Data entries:
--- START ---
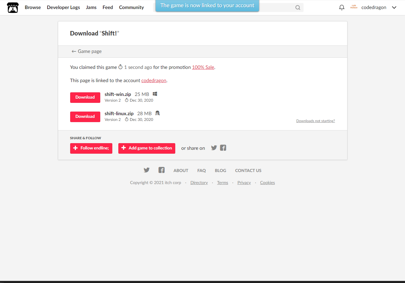 ₩1,171 -> ₩0(Free) Shift! 쉬프트! 무료로 받기 영구소장 - itch.io 잇치 닷 아이오 한시적 무료 소장하기
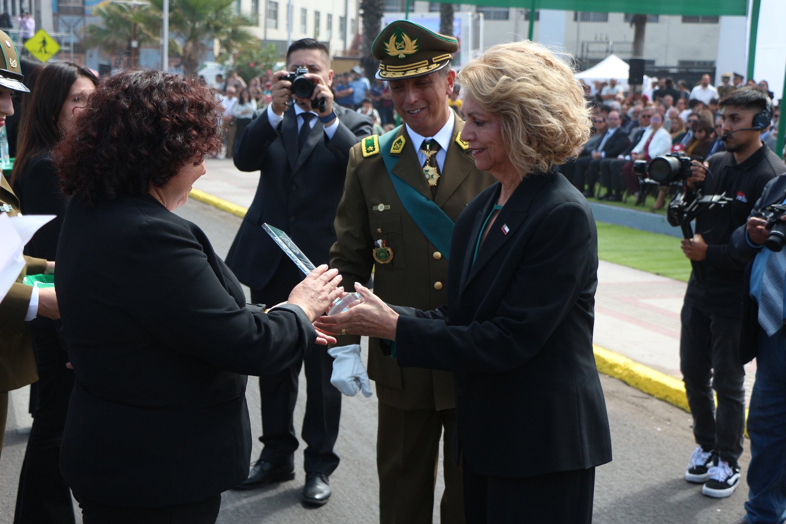 “Como delegada presidencial estoy muy complacida de haber compartido este día, y días previos también, con Carabineros de Chile; muy contenta de haber participado en esta emotiva ceremonia, con participación de Gendarmería, y no me queda más que saludar a todos los carabineros de nuestra región por la enorme labor que cumplen, por el compromiso abnegado que tienen y solamente decir, gracias Carabineros de Chile”, dijo la delegada presidencial regional de Tarapacá, Adriana Tapia Cifuentes.
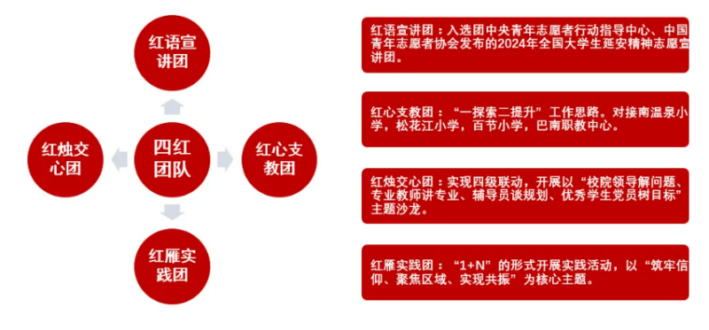 软件学院软件工程专业学生第一党支部作为首批重庆市党建工作样板支部和第三批全国党建工作样板支部,支部抓牢党建工作“红色引擎”,建好“红语宣讲团”“红心支教团”“红烛交心团”“红雁实践团”四支团队;夯实“五红教育”,开展访红色基地、读红色书籍、讲红色故事、进红色课堂、悟红色精神系列学习教育活动,并将系列活动有机融入“三会一课”、主题党日活动中,创新活动形式,深化活动内涵,不断提升党员教育针对性和实效性,激发党组织活力。
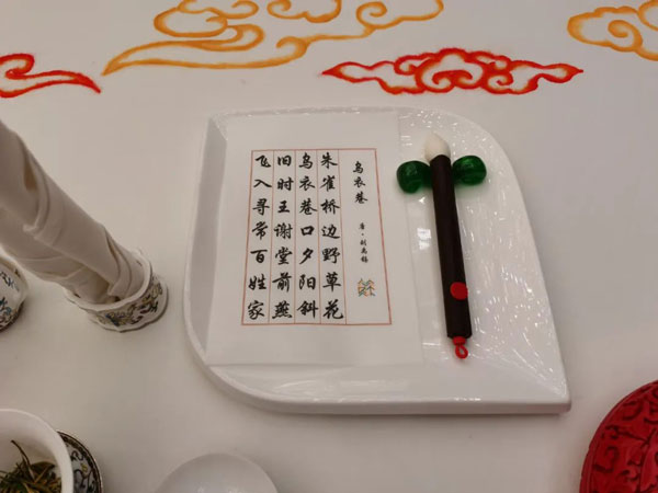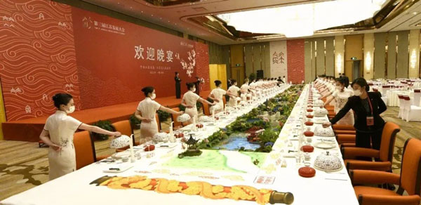 根據(jù)省委提出的“務(wù)實、高效、安全、節(jié)儉”的辦會原則,集團在對上兩屆大會晚宴接待工作全面復(fù)盤的基礎(chǔ)上,將傳統(tǒng)宴會服務(wù)與個性化服務(wù)相結(jié)合,創(chuàng)新細化工作方案,嚴(yán)明工作紀(jì)律要求。根據(jù)“統(tǒng)分結(jié)合”模式,實施“清單化管理、項目化推進、制度化保障”,確保層層有人抓、事事有人管、件件能落實。在用品用具調(diào)配上,本著“能儉不奢、能用不換”的原則,集團對上兩屆大會晚宴的服裝、餐具等用品用具進行了全面梳理和盤點,做到物盡其用、拾遺補缺、簡樸節(jié)??;在食材選擇和菜肴出品上,就地取材、應(yīng)時而獲、因材烹制,以水韻江蘇“江河湖海”相串聯(lián),“傳統(tǒng)菜、時令菜、地標(biāo)菜、創(chuàng)新菜”四菜合一,體現(xiàn)江蘇的地域性、淮揚菜“色香味形”的統(tǒng)一性、綠色有機食材的鄉(xiāng)土性、安全性和人文典故與經(jīng)典傳承的文化性,給嘉賓帶來視覺與味覺的雙重盛宴。尤其值得一提的是,晚宴注重提煉展示江蘇地域文化精髓,堅持創(chuàng)造性轉(zhuǎn)化、創(chuàng)新性發(fā)展,如前菜設(shè)計上巧妙融入了贊美江蘇的經(jīng)典詩詞,紙是糯米紙,墨是墨魚汁,筆是巧克力,筆架是如意糖,創(chuàng)新餐飲文化表達方式,引發(fā)了鄉(xiāng)情共鳴,彰顯了文化自信,嘉賓們紛紛贊嘆金陵“細微之處見功夫”。
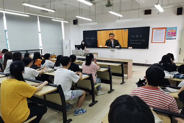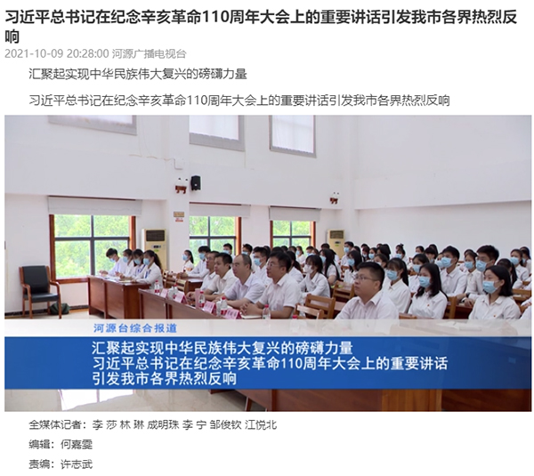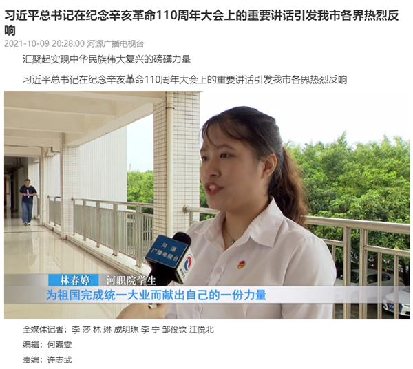 10月9日上午,纪念辛亥革命110周年大会在北京人民大会堂隆重举行。我校副校长赖小景、团委书记陈晓峰、团委办公室主任黄志远、各二级学院团总支书记以及各学院学生代表于行政楼C108利用网络视频收看了大会直播盛况,并认真聆听了中共中央总书记、国家主席、中央军委主席习近平在大会上发表的重要讲话。同时,我校各组织也结合学习工作实际,通过手机、电脑等途径在宿舍进行收看。
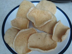 In Appetizers, Hors D'oeuvres, Snacks, How-To, Other Asian Foods on January 11, 2012 at amShrimp chips (also known as prawn crackers) are light, puffed up, crunchy snacks that are very popular all around the world. In some North American Chinese restaurants, multi coloured (with food colouring) “shrimp chips” are served atop a deep fried whole chicken, but those shrimp chips almost never have any real shrimp in them. They taste like styrofoam and don’t resemble the real thing in flavour or in texture. The best shrimp chips in the world, in our opinion, are made in Brunei. It’s been many years since any of us were in Brunei, and I thought that I might never taste their shrimp chips again, until I discovered how easy they are to make at home. Malaysian shrimp chips are a very close second best in my opinion.
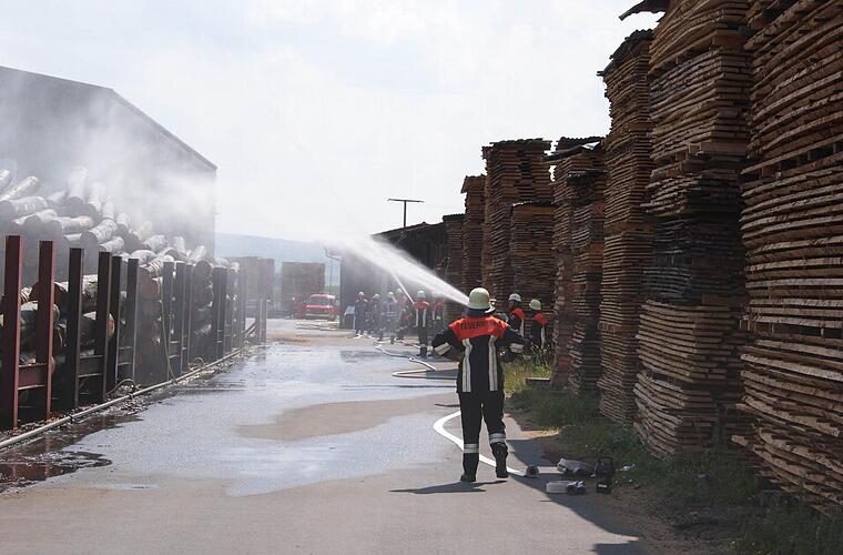 Ob solcher Umstände vergaßen die Floriansjünger schnell die harte Arbeit bei der vorangegangenen Sammelübung. Dabei wurde ein Feuer auf dem Gelände der Holzverarbeitungsfirma Kess angenommen, bei dem eine Maschine in Brand geraten war, der auf das Holzlager überzu-greifen drohte.
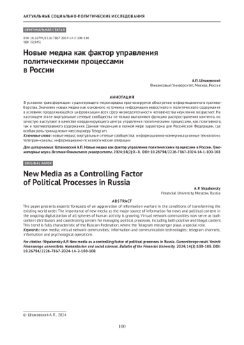 ШПАКОВСКИЙ А. П. НОВЫЕ МЕДИА КАК ФАКТОР УПРАВЛЕНИЯ ПОЛИТИЧЕСКИМИ ПРОЦЕССАМИ В РОССИИ // ГУМАНИТАРНЫЕ НАУКИ. ВЕСТНИК ФИНАНСОВОГО УНИВЕРСИТЕТА. 2024. ТОМ 14, № 2
--- END ---
Task goal:
Give an exact copy of the entries, excluding all pictures.

Result below:
 ₩1,171 -> ₩0(Free) Shift! 쉬프트! 무료로 받기 영구소장 - itch.io 잇치 닷 아이오 한시적 무료 소장하기
 “Como delegada presidencial estoy muy complacida de haber compartido este día, y días previos también, con Carabineros de Chile; muy contenta de haber participado en esta emotiva ceremonia, con participación de Gendarmería, y no me queda más que saludar a todos los carabineros de nuestra región por la enorme labor que cumplen, por el compromiso abnegado que tienen y solamente decir, gracias Carabineros de Chile”, dijo la delegada presidencial regional de Tarapacá, Adriana Tapia Cifuentes.
 软件学院软件工程专业学生第一党支部作为首批重庆市党建工作样板支部和第三批全国党建工作样板支部,支部抓牢党建工作“红色引擎”,建好“红语宣讲团”“红心支教团”“红烛交心团”“红雁实践团”四支团队;夯实“五红教育”,开展访红色基地、读红色书籍、讲红色故事、进红色课堂、悟红色精神系列学习教育活动,并将系列活动有机融入“三会一课”、主题党日活动中,创新活动形式,深化活动内涵,不断提升党员教育针对性和实效性,激发党组织活力。
 根據(jù)省委提出的“務(wù)實、高效、安全、節(jié)儉”的辦會原則,集團在對上兩屆大會晚宴接待工作全面復(fù)盤的基礎(chǔ)上,將傳統(tǒng)宴會服務(wù)與個性化服務(wù)相結(jié)合,創(chuàng)新細化工作方案,嚴(yán)明工作紀(jì)律要求。根據(jù)“統(tǒng)分結(jié)合”模式,實施“清單化管理、項目化推進、制度化保障”,確保層層有人抓、事事有人管、件件能落實。在用品用具調(diào)配上,本著“能儉不奢、能用不換”的原則,集團對上兩屆大會晚宴的服裝、餐具等用品用具進行了全面梳理和盤點,做到物盡其用、拾遺補缺、簡樸節(jié)??;在食材選擇和菜肴出品上,就地取材、應(yīng)時而獲、因材烹制,以水韻江蘇“江河湖海”相串聯(lián),“傳統(tǒng)菜、時令菜、地標(biāo)菜、創(chuàng)新菜”四菜合一,體現(xiàn)江蘇的地域性、淮揚菜“色香味形”的統(tǒng)一性、綠色有機食材的鄉(xiāng)土性、安全性和人文典故與經(jīng)典傳承的文化性,給嘉賓帶來視覺與味覺的雙重盛宴。尤其值得一提的是,晚宴注重提煉展示江蘇地域文化精髓,堅持創(chuàng)造性轉(zhuǎn)化、創(chuàng)新性發(fā)展,如前菜設(shè)計上巧妙融入了贊美江蘇的經(jīng)典詩詞,紙是糯米紙,墨是墨魚汁,筆是巧克力,筆架是如意糖,創(chuàng)新餐飲文化表達方式,引發(fā)了鄉(xiāng)情共鳴,彰顯了文化自信,嘉賓們紛紛贊嘆金陵“細微之處見功夫”。
 10月9日上午,纪念辛亥革命110周年大会在北京人民大会堂隆重举行。我校副校长赖小景、团委书记陈晓峰、团委办公室主任黄志远、各二级学院团总支书记以及各学院学生代表于行政楼C108利用网络视频收看了大会直播盛况,并认真聆听了中共中央总书记、国家主席、中央军委主席习近平在大会上发表的重要讲话。同时,我校各组织也结合学习工作实际,通过手机、电脑等途径在宿舍进行收看。
 In Appetizers, Hors D'oeuvres, Snacks, How-To, Other Asian Foods on January 11, 2012 at amShrimp chips (also known as prawn crackers) are light, puffed up, crunchy snacks that are very popular all around the world. In some North American Chinese restaurants, multi coloured (with food colouring) “shrimp chips” are served atop a deep fried whole chicken, but those shrimp chips almost never have any real shrimp in them. They taste like styrofoam and don’t resemble the real thing in flavour or in texture. The best shrimp chips in the world, in our opinion, are made in Brunei. It’s been many years since any of us were in Brunei, and I thought that I might never taste their shrimp chips again, until I discovered how easy they are to make at home. Malaysian shrimp chips are a very close second best in my opinion.
 Ob solcher Umstände vergaßen die Floriansjünger schnell die harte Arbeit bei der vorangegangenen Sammelübung. Dabei wurde ein Feuer auf dem Gelände der Holzverarbeitungsfirma Kess angenommen, bei dem eine Maschine in Brand geraten war, der auf das Holzlager überzu-greifen drohte.
 ШПАКОВСКИЙ А. П. НОВЫЕ МЕДИА КАК ФАКТОР УПРАВЛЕНИЯ ПОЛИТИЧЕСКИМИ ПРОЦЕССАМИ В РОССИИ // ГУМАНИТАРНЫЕ НАУКИ. ВЕСТНИК ФИНАНСОВОГО УНИВЕРСИТЕТА. 2024. ТОМ 14, № 2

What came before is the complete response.